No time for peace of mind?

Life is harried, hurried and overwhelming – at least according to the marketing guys over at Loyola Press. The Jesuit-run publishing house recently launched an 3-minute retreat application for the iPhone and iPod touch to help folks take a break, anywhere, anytime (as long as it isn’t while you’re driving!) from the concerns and pressures of the world. Take a look at it here. (For folks w/out an iPhone, you can take part in the retreat online, here. People who don’t have access to the Internet apparently have to do a regular in-person retreat.)

Leave it to the Jesuits (aka: The Society of Jesus) , who, like all religious order priests take a vow of poverty, to come up with an app for the most expensive phone out there. I know it is an outreach, and they are probably thinking that people with the iPhone are so busy multitasking that they are unlikely to take a break and thus need these reminders. (Imagine the calendar of a CEO: Staff meeting at 8; press conference at 9; solve Major Problem at 10; 3-minute retreat at 11; board meeting at 11:04 …) Or, they are just doing what Jesuits have done for ages: Going where the people are, and right now, people are more likely to do a virtual retreat than show up at a retreat house.

But still, it seems so ironic, especially for a religious order who has as one of its touchstones the 8-day silent Ignatian retreat (which is actually a truncated version of the really intense 30-day retreat). On the other hand, the world is so busy very few people can take the time to make even a weekend retreat nowadays, much less an 8 or 30-day one. And any silent time – even if it is filtered through technology – is better than no silent time at all.

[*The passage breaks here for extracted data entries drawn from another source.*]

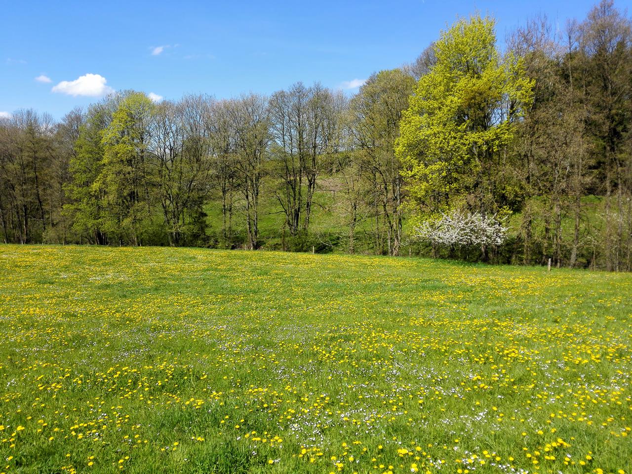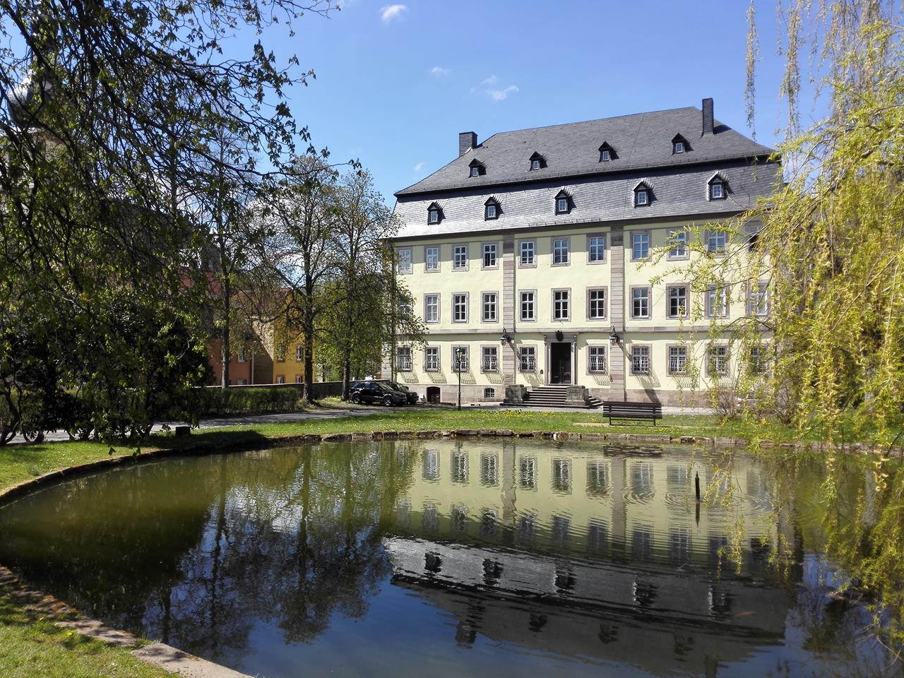 Dort angekommen spazieren wir am Ende dieser Wanderung noch ein wenig durch die Innenstadt mit der Evangelisch-Lutherische Pfarrkirche und dem Barockschloss im Schlosspark. Eine herrliche Wanderung mit wunderbaren Ausblicken über die Landschaft und die von blühendem Löwenzahn übersäten Wiesen.
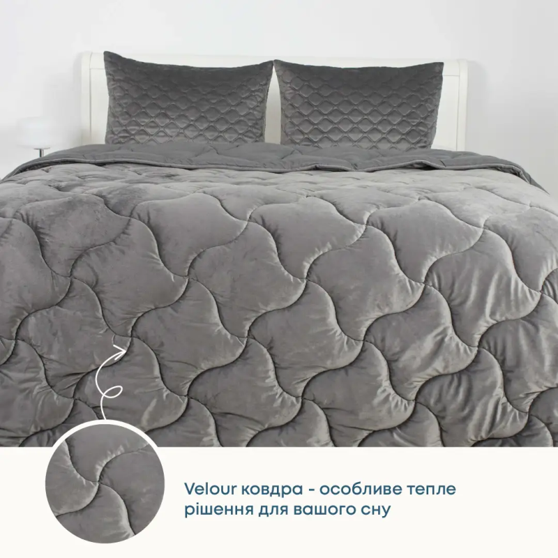 Загорніться в неперевершений комфорт та відчуйте ніжність з ковдрою ТЕП "VELOUR" у елегантному темно-сірому кольорі. Ця ковдра стане вашим улюбленим компаньйоном для спокійного сну та затишних вечорів.
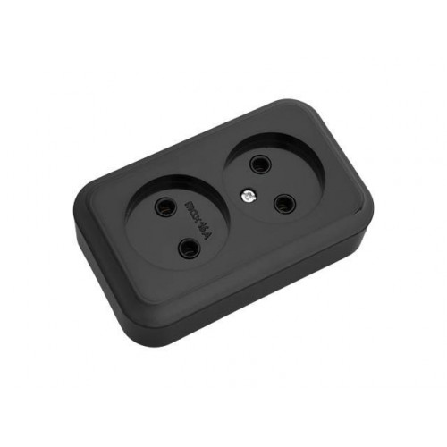 Розетка 2-ая (открытая, б/з) черная, Пралеска, Bylectrica
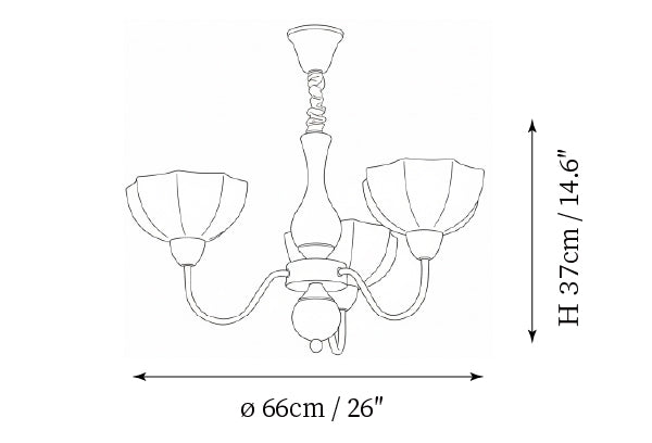 - 3-Lights Size: Dia 66cm x H 37cm / ∅26″ x H 14.6″
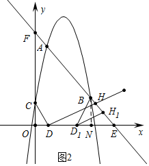 £¨3£©Èçͼ2£¬Å×ÎïÏßÓëyÖá½»ÓÚµãC£¬Ö±ÏßAB½»xÖáÓÚµãE£¬µãD£¨$\frac{4\sqrt{3}}{3}$£¬0£©£¬Á¬½ÓCD£¬½«CDËùÔÚµÄÖ±ÏßÈÆ×ŵãD˳ʱÕëÐýת90¡ã£¬ËùµÃÖ±Ïß½»Ö±ÏßABÓÚµãH£¬½«Ö±ÏßDHÑØ×ÅxÖáÕý·½ÏòÆ½ÒÆµÃµ½Ö±ÏßD1H1£¬ÆäÖеãH1ΪֱÏßD1H1ÓëÖ±ÏßABµÄ½»µã£¬D1ΪֱÏßD1H1ÓëxÖáµÄ½»µã£¬µ±µãD1Æ½ÒÆµ½µãEÊ±Æ½ÒÆ½áÊø£¬Á¬½ÓBD1£®µ±¡÷BD1H1ÊǵÈÑüÈý½ÇÐÎʱ£¬ÊÔÇó³öµãD1µÄ×ø±ê£®
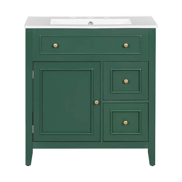 30 in. W x 18.3 in. D x 32.5 in. H Single Sink Freestanding Bath Vanity in Green with White Ceramic Top
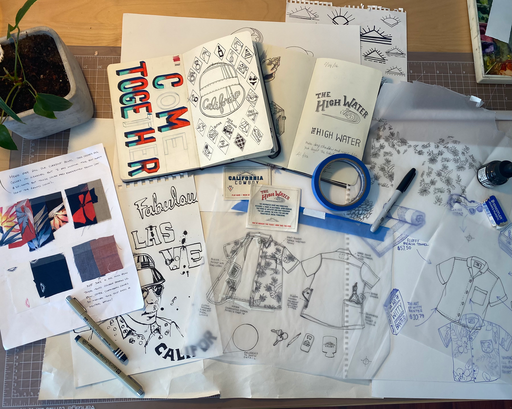 We draw pattern and color inspiration from places and people we love, movies we’ve watched on repeat, and cocktails we’ve indulged in far too many times. We also happen to have insanely talented designers, some of whom hand paint our prints that we transpose onto textiles. Bonus: Check out our Point Break-inspired “Sky-Dive on reclaimed redwood” in our shop in SF, hand painted by our graphic designer, Melissa.
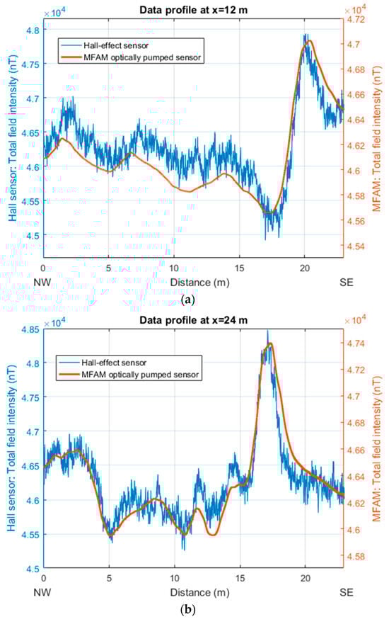 The two maps show the presence of intense anomalies in their central part (10 m < x < 25 m). These anomalies are mainly dipolar, including high and low areas. These highs and lows appear roughly oriented in the direction of the Earth’s magnetic field (IGRF model), which in this area has a declination of about 0° and an inclination of 56°. This may witness the presence of many highly magnetized objects, with the individual permanent magnetic moments tending to cancel out with the result of enhancing the induced magnetization effects. Overall, the MFAM data are much smoother than the Hall-effect sensor data that are affected by apparently random noise throughout the surveyed area. However, notably, the two maps give almost the same degree of information about the distribution of the magnetic anomalies in the area. This can be clearly seen when the two datasets are compared along profiles (Figure 2). This comparison shows well that the amplitude of the noise in the Hall-effect sensor data reaches 200 to 300 nT. Despite this noise, as the main anomalies in this area have a strong amplitude (>400 nT), along the two selected profiles, any anomaly visible in the MFAM data can also be identified in the Hall-effect sensor dataset (Figure 2). Other weaker anomalies visible in the MFAM map, such as those in the easternmost part of the area (x > 30 m), are instead hidden by the noise in the Hall-effect sensor map (Figure 1).
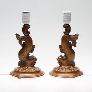 Avslutade auktioner liknande OIDENTIFIERAD KONSTNÄR. Bordslampor i form av delfiner, ett par, trä. Signerade E.T. och daterade 90.
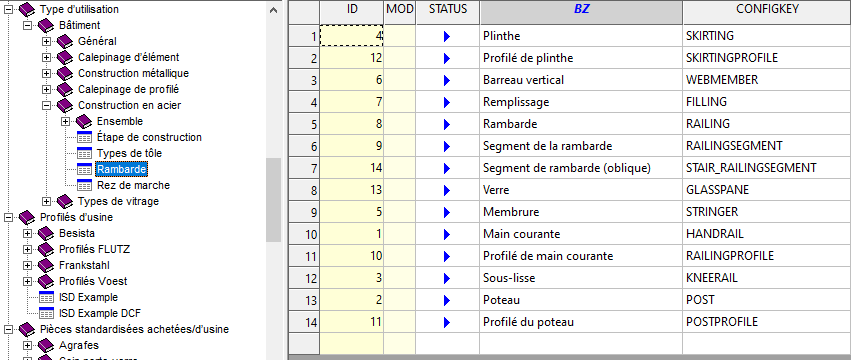 Si, par exemple, seul le réglage dépendant du type d'utilisation STRINGER doit être attribué aux mains courantes de type acier plat, vous devez alors sélectionner l'entrée Acier plat dans les types d'élément.
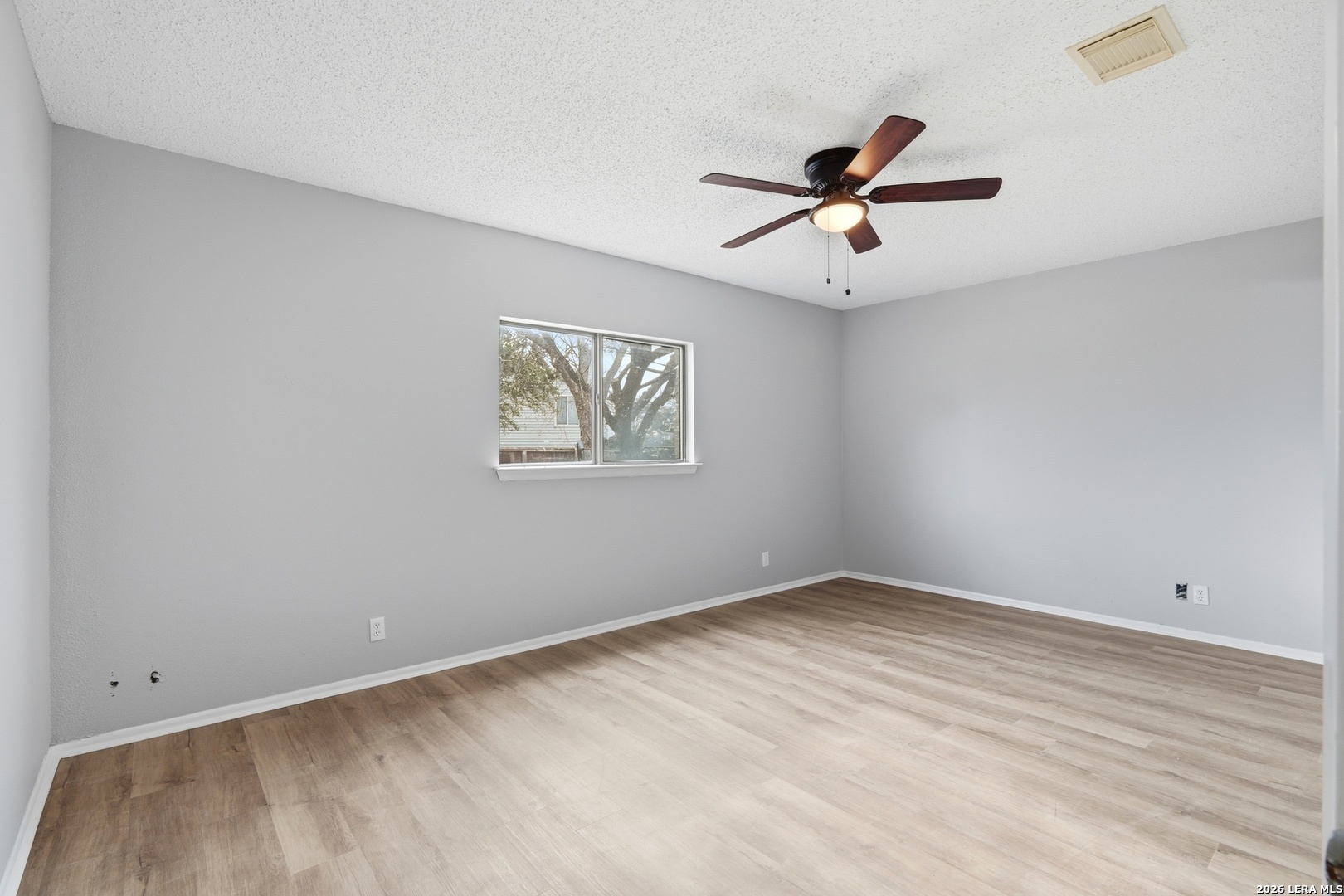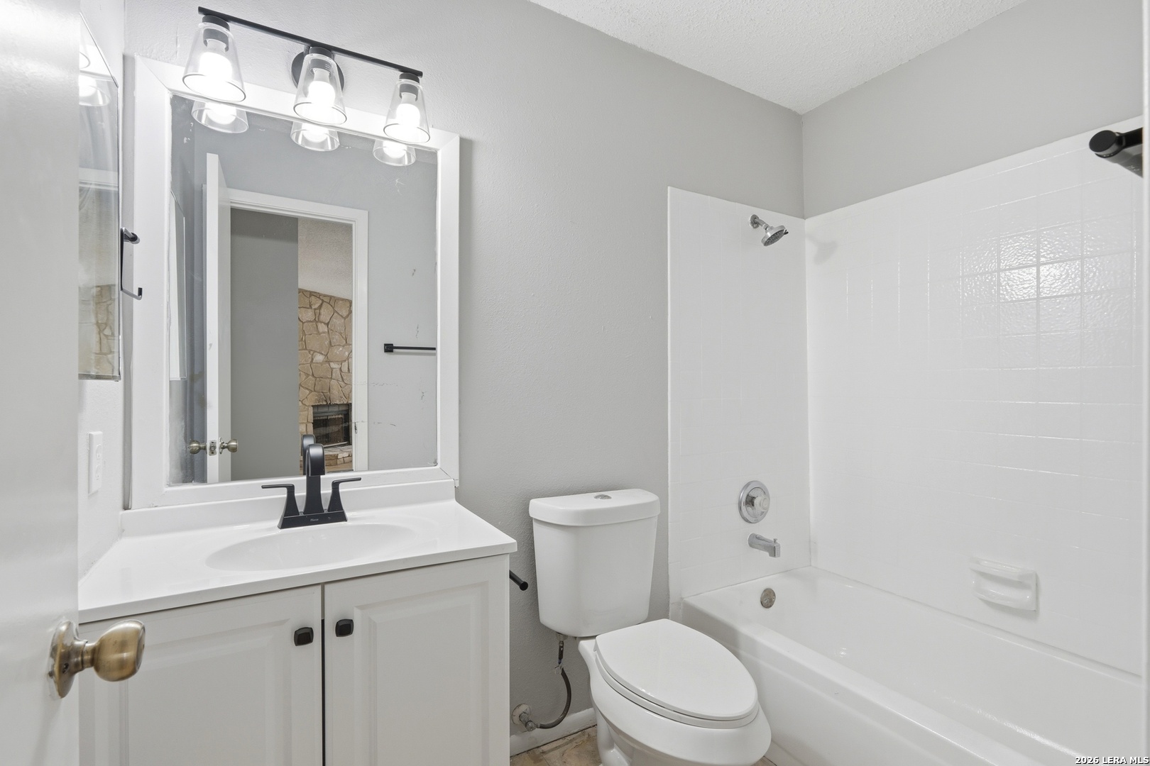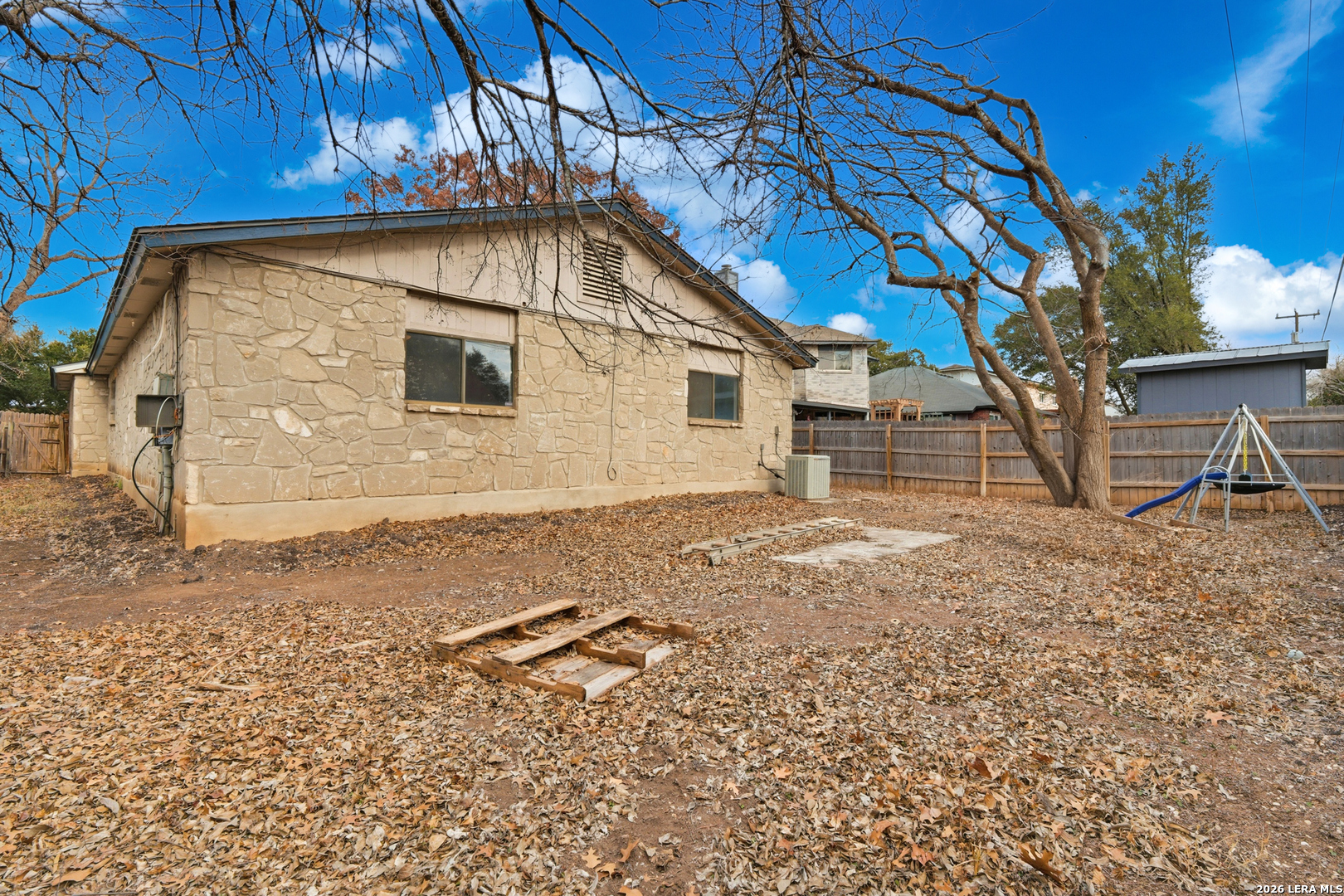 This single story home offers a practical layout with a stone exterior and comfortable living spaces. The living room includes recessed lighting and a stone wood burning fireplace, providing a straightforward and functional gathering area. The kitchen features all white cabinets and a breakfast bar, offering a simple setup for everyday use. The primary bedroom includes an attached bathroom with a large garden tub and a walk in closet. Additional rooms provide flexibility for work or storage needs. The backyard includes a patio slab and a privacy fence, creating a usable outdoor space with minimal upkeep. Residents also enjoy access to neighborhood amenities such as a pool, park, sports court, and clubhouse. Conveniently located with easy access to 1604, this home offers a manageable commute to SeaWorld, Alamo Ranch, La Cantera, Northwest Vista College, and Lackland Air Force Base. The property is located within the award winning NISD district.
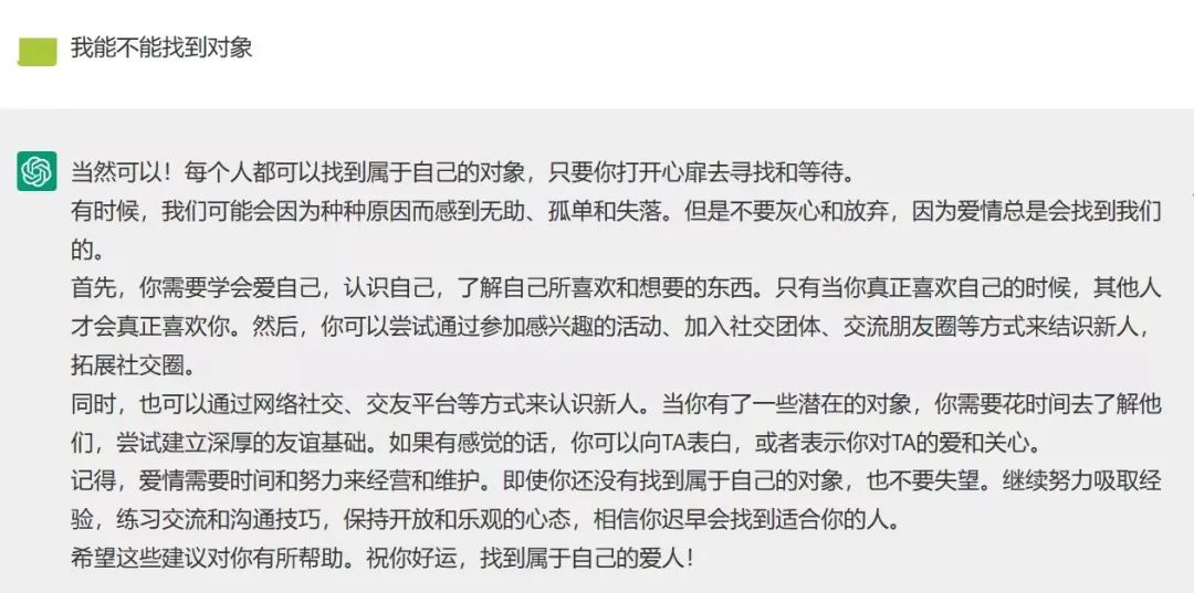 这一次,当我再度替我的一个朋友问能不能找到对象的问题时,Chatgpt虽然表达了自己的能力限制,但还是说了一些“保持良好心态”“多参加社交活动”等等虽然没有实际用处,但润滑了对话体验的内容。

If you are up for a weekend retreat, the local Redemptorist-run retreat house in beautiful Picture Rocks offers a plethora of them, as well as hermitages you can rent to just have some silent space away from the noise and business of your life. Having attended some half-day activities there, I can attest that the people are peaceful and friendly, the chapel is gorgeous, the petroglyphs and hiking trails inspiring and the food is great. For those among you of a Buddhist bent, there are Zen Sesshin and public sittings offered frequently through the Pathless Path program, run by a priest who is also a Zen Master in The Diamond Sangha, which is a blending of the Rinzai and Soto schools of Zen.